Scénario et dessin : Christine MARI
Editeur : Delcourt
Collection : Waves
304 pages
Sortie le 22 janvier 2026
Genre : autobiographie
Christine s’est toujours sentie loin d’elle-même…
Mi-américaine, mi-japonaise, née à Tokyo mais élevée aux États-Unis, elle ne connaît que trop bien le sentiment de faire partie de deux mondes sans vraiment appartenir à chacun. A l’aube de l’âge adulte, Christine décide qu’il est temps pour elle de retourner à l’endroit qu’elle appelait autrefois sa « maison ». Elle embarque alors pour une année au Japon, convaincue qu’elle y sera enfin à sa place. Mais … la capitale japonaise est loin d’être la solution miracle qu’elle attendait. Au lieu de s’intégrer Christine se sent toujours plus seule, comme si appartenir à deux cultures l’isolait davantage. Est-ce que cette perte de repères l’amènera finalement à l’identité qu’elle cherche tant?
Dans Loin de moi, Christine Mari transforme un récit d’exil intérieur en roman graphique d’une grande justesse, où la quête d’identité se heurte à la réalité têtue des appartenances multiples. On suit Christine, née à Tokyo, élevée aux États-Unis, qui revient au Japon pour une année universitaire avec l’illusion qu’un simple changement de décor suffira à la « réparer ». Ce retour, loin de combler le manque, le démultiplie. Trop japonaise pour être l’Américaine exotique que l’on attend, trop occidentalisée pour être reconnue comme japonaise, elle se heurte à une identité que personne ne valide vraiment.

L’ouvrage avance à hauteur de sensations et de décalages minuscules, loin des tirades explicatives. Mari opte pour une narration où l’expérience prime sur les discours. Les scènes de solitude dans la foule tokyoïte, les échanges polis mais distants, les maladresses des uns et des autres dessinent ce sentiment d’« être de trop » partout. La douleur n’est jamais spectaculaire, elle s’infiltre dans le quotidien, dans les silences et les faux sourires.

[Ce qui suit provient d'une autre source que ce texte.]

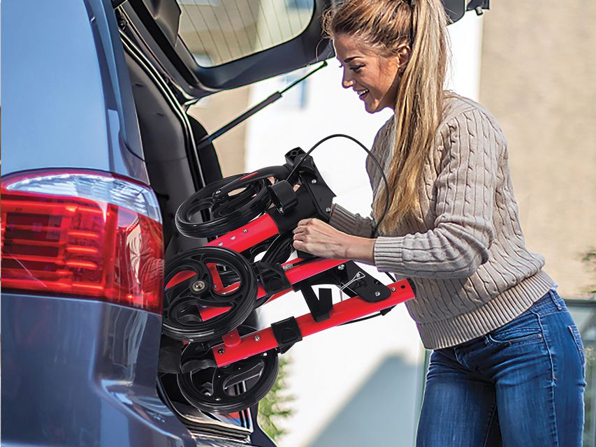 El andador Compact también es fácil de almacenar y transportar gracias a sus dos ruedas delanteras pivotantes y plegables, así como a sus dos patas traseras plegables. Esta característica permite reducir significativamente el tamaño del dispositivo para un almacenamiento sencillo en espacios reducidos.

Graphiquement, Loin de moi propose un trait simple qui s’accorde au ton introspectif. Les compositions insistent sur la petite silhouette de Christine noyée dans des décors urbains, ce qui matérialise visuellement la disproportion entre son désir d’appartenance et l’indifférence de l’environnement. Les cadrages jouent sur les espaces vides, les couloirs, les trains, les rues saturées de signes qu’elle ne parvient pas toujours à décoder , comme si le Japon qu’elle retrouve était devenu un territoire étranger dont elle ne possède plus les clefs.

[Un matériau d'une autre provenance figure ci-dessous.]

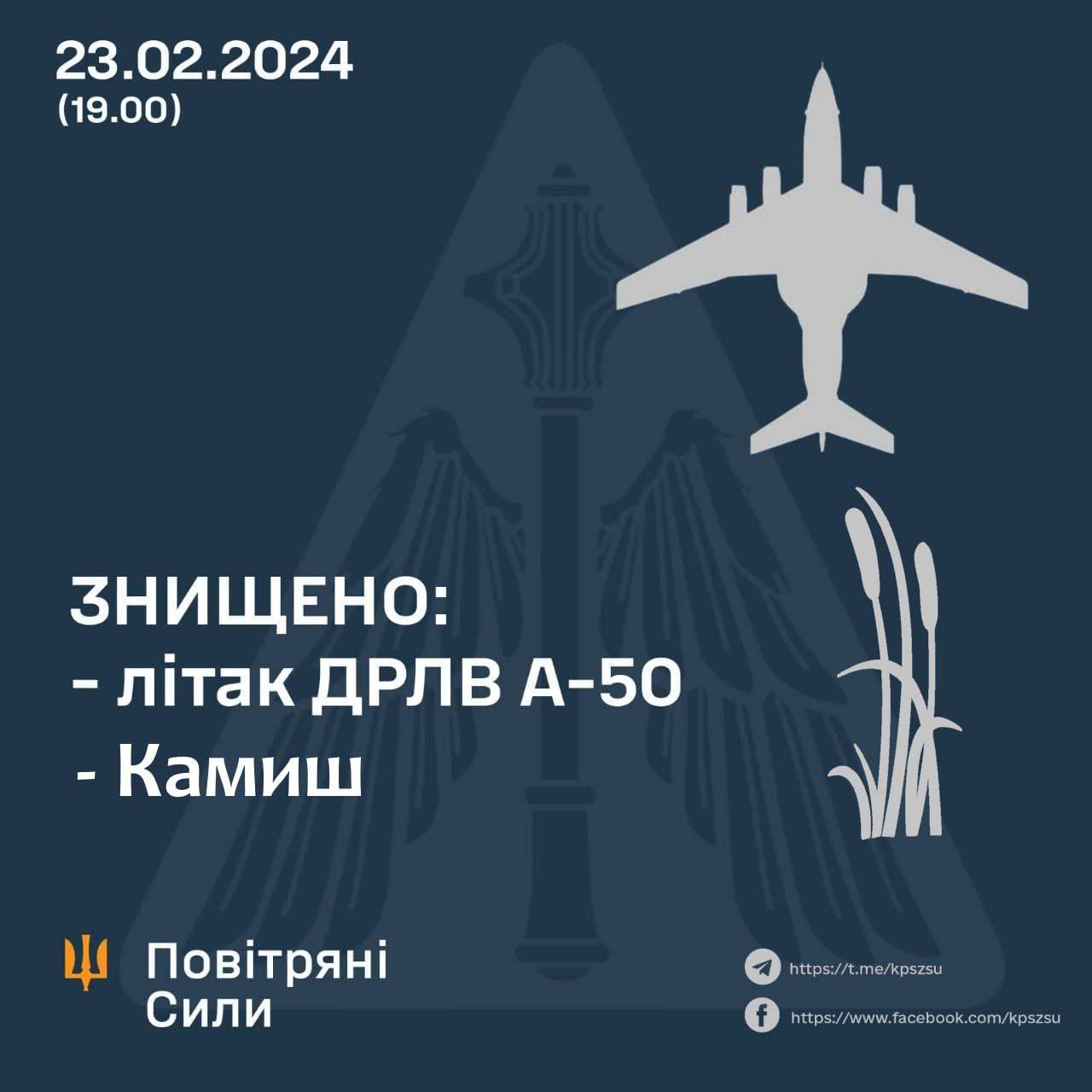 👉 The Defence Intelligence of Ukraine informs that a Russian long-range radar detection aircraft A-50U was shot down on February 23, 2024 near the town of Primorsko-Akhtarsk on the Sea of Azov.

Loin de moi s’inscrit dans la veine des récits graphiques intimistes qui interrogent l’entre-deux culturel et la construction de soi à l’âge adulte. Mari accepte finalement l’inconfort d’une identité plurielle qui ne se stabilise pas complètement. Le livre se lit comme l’apprentissage d’une cohabitation avec ses propres fractures. Faire de ce sentiment d’étrangeté à soi non pas une condamnation, mais un point de départ pour penser autrement ce que signifie « être chez soi » lorsqu’on appartient à plusieurs mondes sans se confondre avec aucun.